The labor market's new norm swings between job gains and losses



For decades, the U.S. economy needed to generate more than 100,000 jobs a month just to hold the unemployment rate steady. That threshold has effectively collapsed to near zero — a quiet but consequential shift that is forcing economists, policymakers, and financial markets to rethink how they measure the health of the American labor market.

The change stems from a convergence of forces: baby boomers aging out of the workforce in large numbers, smaller generations stepping in to replace them, and a sharp drop in immigration as the Trump administration accelerates deportations and tightens entry at the border. Together, these trends have shrunk the pool of new workers entering the economy each month to a trickle — potentially fewer than 10,000 people, a pace with no parallel in at least 65 years of recorded labor market history.

The practical consequence is striking. An economy that would once have looked stagnant — one adding few or even no jobs in a given month — may now actually be running at full employment. "Conveying that a zero-job growth economy is consistent with full employment is not easy," San Francisco Federal Reserve Bank president Mary Daly wrote following Friday's jobs report, which showed the economy added 178,000 jobs in March.

Economists at the Federal Reserve Board of Governors put a finer point on it. In new research, staff economists Seth Murray and Ivan Vidangos found that employment growth in any given month is now nearly as likely to be negative as positive — even if the broader economy is performing at its full potential. They estimate it would not be unusual to see one or more months in 2026 with payroll declines as large as 100,000 jobs, with no underlying deterioration to blame.
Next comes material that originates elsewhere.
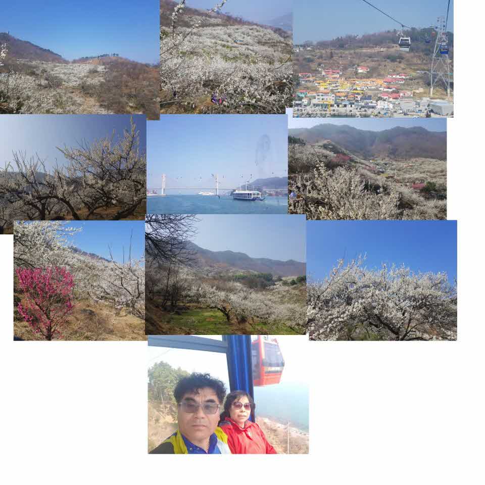 이은민가이드의 자세한안내 덕분에 여행잘마치고 왔답니다. 전국에서 모인 엄청많은 관광객. 매화축제분위기를 더욱 업 시키네요. 산비탈에 심어놓은 매화.곳곳에서 각종 아기지기한 행사. 저히는 수와진의 간이 콘스트에서 cd한장구입 했지요. 차가 많이 밀려서 12시쯤 다음행선지 여수로 1시간 조금넘게달려 해상케이블 왕복탑승하고,개인시간으로 오동도들렸다가 50분정도 유람선탑승으로 여행을 마감. |

Dallas Fed researchers traced part of the shift to immigration flows that reversed sharply in the second half of 2025, estimating a net outflow of unauthorized immigrants averaging 55,000 people a month — roughly 548,000 for the year. Combined with a declining labor force participation rate, that reversal helped push the monthly jobs breakeven from a peak of around 250,000 in 2023 to near zero, and briefly into negative territory, by late last year.

The risk now is misreading the data. A soft payroll number that once reliably signaled trouble may no longer carry that warning. Policymakers and markets accustomed to treating monthly job figures as a dependable economic compass could find themselves reacting to noise rather than signal. "The plentiful and dynamic labor market that has dominated much of recent history will likely feel distant," Daly wrote.

That ambiguity arrives at a particularly difficult moment. The Federal Reserve is already navigating the economic aftershocks of the Iran war energy shock, which has sent ripples through fuel prices and supply chains. With its traditional employment gauge now less reliable, the central bank faces a higher risk of policy error — keeping conditions too loose or too tight as it tries to read an economy that no longer behaves by the old rules.

Productivity growth, potentially fueled by advances in artificial intelligence, could help offset the shrinking labor supply. But productivity is notoriously difficult to forecast, adding yet another layer of uncertainty to an already murky outlook.

The bottom line is that the American economy has a new speed limit — one that the old dashboards were never built to read.